Despite being set in Los Angeles, many of Her’s outdoor sequences were shot in Shanghai, an ingenious logistical choice: China already looks like the future, and, realistically, will have a big influence on the look of the future. Cinematographer Hoyte van Hoytema captures Shanghai/LA with pristine crispness. Olivia Wilde too. She briefly appears as a blind datee of Theodore’s (and, ironically, played an algorithm romanced by a human in the less-spiritually-satisfying Tron: Legacy), seeming practically alien, completely devoid of any facial blemishes. The unglimpsed Samantha, by comparison, is more human than human, and that’s surely no coincidence. Johansson’s husky voice creaks ever so naturally, her nervous whispers and apprehensive pauses speaking volumes. She fills the film’s empty spaces. She earns co-lead status. She has complete and utter screen presence. Apologies to the fine Samantha Morton, whom Johansson replaced, but I can’t imagine a better fit. Just listen to our couple sing ‘The Moon Song’, penned by Karen O. Sigh. Johansson and Phoenix are a perfect pair.

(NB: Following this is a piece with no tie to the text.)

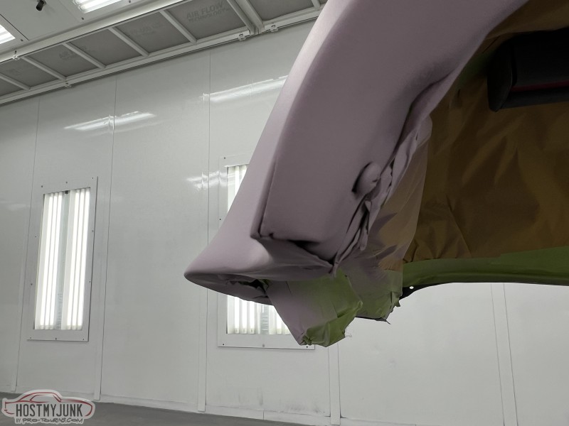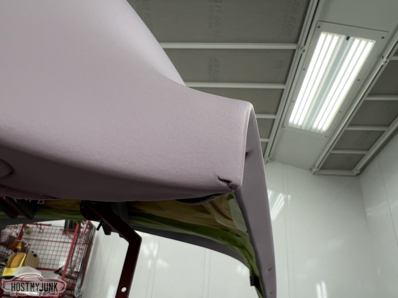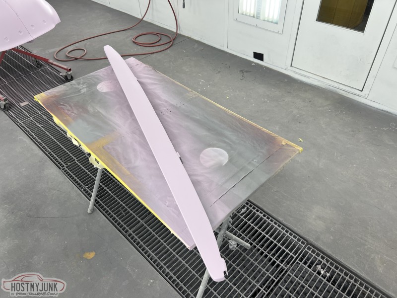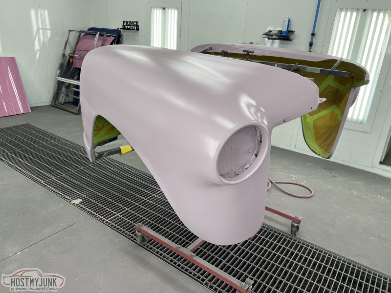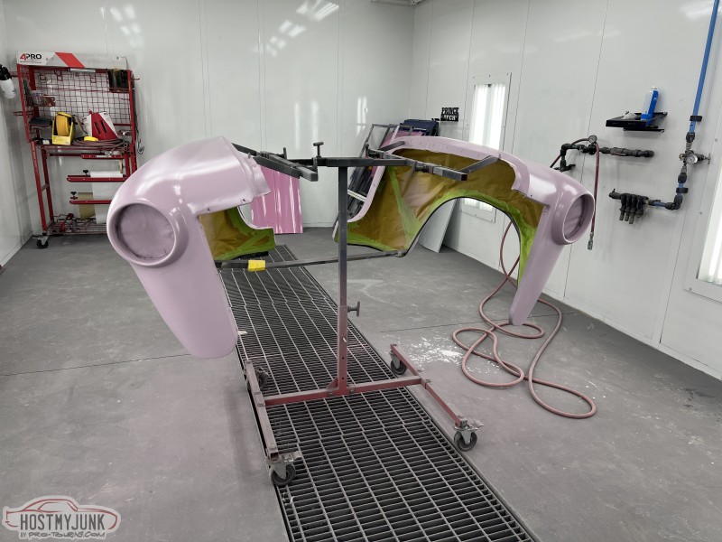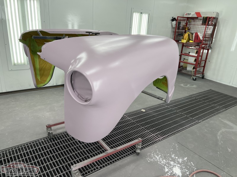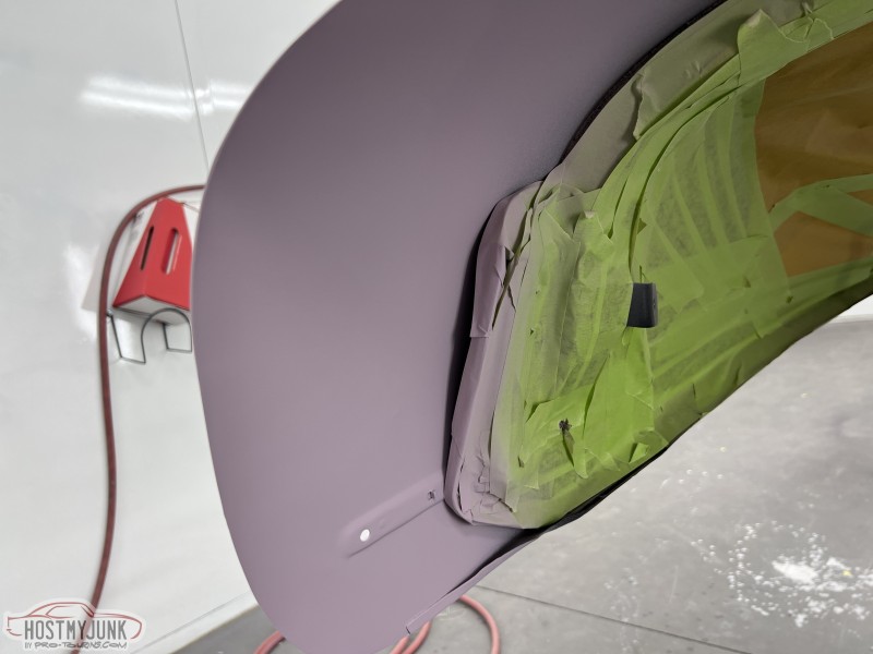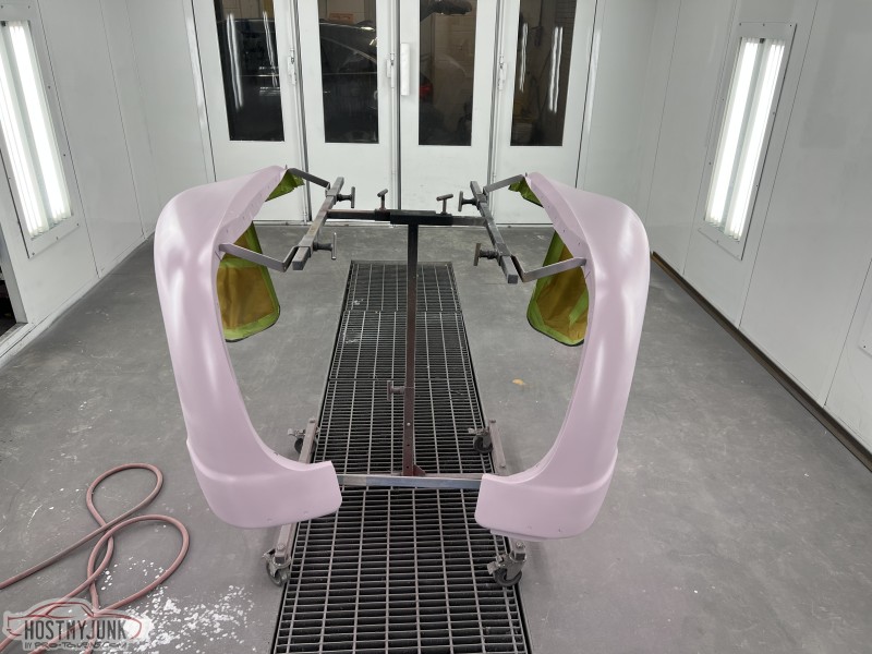 I brought the front fenders to work and today I was able to get them in the booth for a few coats of Evercoat Optex polyester primer. I will let these cure and shrink up until next week some time and then start blocking them.

Her is remarkably non-judgmental about the future (which has been intricately illustrated through intuitive set decoration). Theodore’s job – at first, seemingly established as a cynical glimpse at our culture’s inevitable stupification – actually gives him great satisfaction; video games are totally reasonable discussion material for dates; and though our lead struggles early on with the prospect of dating someone without a physical presence, Jonze’s picture doesn’t condescend to conclude by claiming a tangible type of relationship is automatically richer than one that exists in the ether. Samantha isn’t even technically a woman, and there’s something beautifully progressive about Theodore’s practically Cronenbergian love affair with a non-human.
Moving, melancholy, sweet, sexy, and very, very funny, I feel such fondness for Jonze’s Her, an equal to his odd, earlier masterpieces Being John Malkovich and Adaptation. All three are parables about people coming to terms with their personality and sexuality only after seeing themselves through an unexpected mirror. Her is just that too: an unexpected mirror, and we should all see ourselves better because of it. It isn’t simply the story of Samantha’s emotional evolution, but also Theodore’s, and ours. Becoming self aware: it’s not just for robots anymore.
Her arrives in Australian cinemas January 16, 2014.